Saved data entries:
****

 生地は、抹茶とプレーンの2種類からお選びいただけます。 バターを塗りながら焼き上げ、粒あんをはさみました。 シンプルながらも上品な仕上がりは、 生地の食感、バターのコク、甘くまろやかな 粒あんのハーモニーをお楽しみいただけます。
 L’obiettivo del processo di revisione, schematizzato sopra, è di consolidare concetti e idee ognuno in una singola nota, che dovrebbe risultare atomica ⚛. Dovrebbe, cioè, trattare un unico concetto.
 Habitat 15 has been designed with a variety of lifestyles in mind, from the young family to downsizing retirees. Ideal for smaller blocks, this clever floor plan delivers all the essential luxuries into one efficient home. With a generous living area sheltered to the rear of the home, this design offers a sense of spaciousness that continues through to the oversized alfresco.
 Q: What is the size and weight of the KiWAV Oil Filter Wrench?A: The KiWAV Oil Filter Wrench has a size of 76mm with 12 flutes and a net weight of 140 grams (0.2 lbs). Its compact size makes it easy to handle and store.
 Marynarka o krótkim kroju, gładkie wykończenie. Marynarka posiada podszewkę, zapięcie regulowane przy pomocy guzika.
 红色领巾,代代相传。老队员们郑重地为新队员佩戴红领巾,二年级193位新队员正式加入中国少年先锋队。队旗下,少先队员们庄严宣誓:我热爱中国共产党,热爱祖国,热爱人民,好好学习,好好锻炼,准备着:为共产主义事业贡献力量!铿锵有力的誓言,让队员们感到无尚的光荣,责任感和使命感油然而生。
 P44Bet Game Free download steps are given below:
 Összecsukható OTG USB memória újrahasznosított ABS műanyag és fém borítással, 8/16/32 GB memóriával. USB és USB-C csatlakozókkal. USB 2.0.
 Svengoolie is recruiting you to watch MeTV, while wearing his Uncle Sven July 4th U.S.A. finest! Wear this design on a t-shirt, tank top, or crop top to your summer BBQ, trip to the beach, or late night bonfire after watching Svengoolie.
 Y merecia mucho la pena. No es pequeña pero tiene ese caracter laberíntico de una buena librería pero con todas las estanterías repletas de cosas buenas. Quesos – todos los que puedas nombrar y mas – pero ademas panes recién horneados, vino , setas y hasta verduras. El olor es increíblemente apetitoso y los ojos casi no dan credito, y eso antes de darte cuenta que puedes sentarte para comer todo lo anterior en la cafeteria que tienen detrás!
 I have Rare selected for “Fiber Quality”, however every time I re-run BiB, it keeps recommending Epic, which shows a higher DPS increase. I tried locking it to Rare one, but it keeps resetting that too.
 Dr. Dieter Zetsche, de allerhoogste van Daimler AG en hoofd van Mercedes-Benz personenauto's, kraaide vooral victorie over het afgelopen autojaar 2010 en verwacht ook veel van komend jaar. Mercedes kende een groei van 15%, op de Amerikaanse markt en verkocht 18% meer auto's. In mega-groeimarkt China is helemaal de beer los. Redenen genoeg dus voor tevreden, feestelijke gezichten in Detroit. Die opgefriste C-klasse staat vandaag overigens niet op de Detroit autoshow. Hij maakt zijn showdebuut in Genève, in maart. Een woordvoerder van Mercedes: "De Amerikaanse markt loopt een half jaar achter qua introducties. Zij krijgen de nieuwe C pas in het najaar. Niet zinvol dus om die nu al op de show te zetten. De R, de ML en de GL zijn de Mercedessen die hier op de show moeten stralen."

****

TASK STATEMENT -> In the entries above, find the line with "Q: What is the" and the line with "P44Bet Game Free", then restate word for word both of them and every line between, with nothing more.

SOLVED PROBLEM ->
 Q: What is the size and weight of the KiWAV Oil Filter Wrench?A: The KiWAV Oil Filter Wrench has a size of 76mm with 12 flutes and a net weight of 140 grams (0.2 lbs). Its compact size makes it easy to handle and store.
 Marynarka o krótkim kroju, gładkie wykończenie. Marynarka posiada podszewkę, zapięcie regulowane przy pomocy guzika.
 红色领巾,代代相传。老队员们郑重地为新队员佩戴红领巾,二年级193位新队员正式加入中国少年先锋队。队旗下,少先队员们庄严宣誓:我热爱中国共产党,热爱祖国,热爱人民,好好学习,好好锻炼,准备着:为共产主义事业贡献力量!铿锵有力的誓言,让队员们感到无尚的光荣,责任感和使命感油然而生。
 P44Bet Game Free download steps are given below:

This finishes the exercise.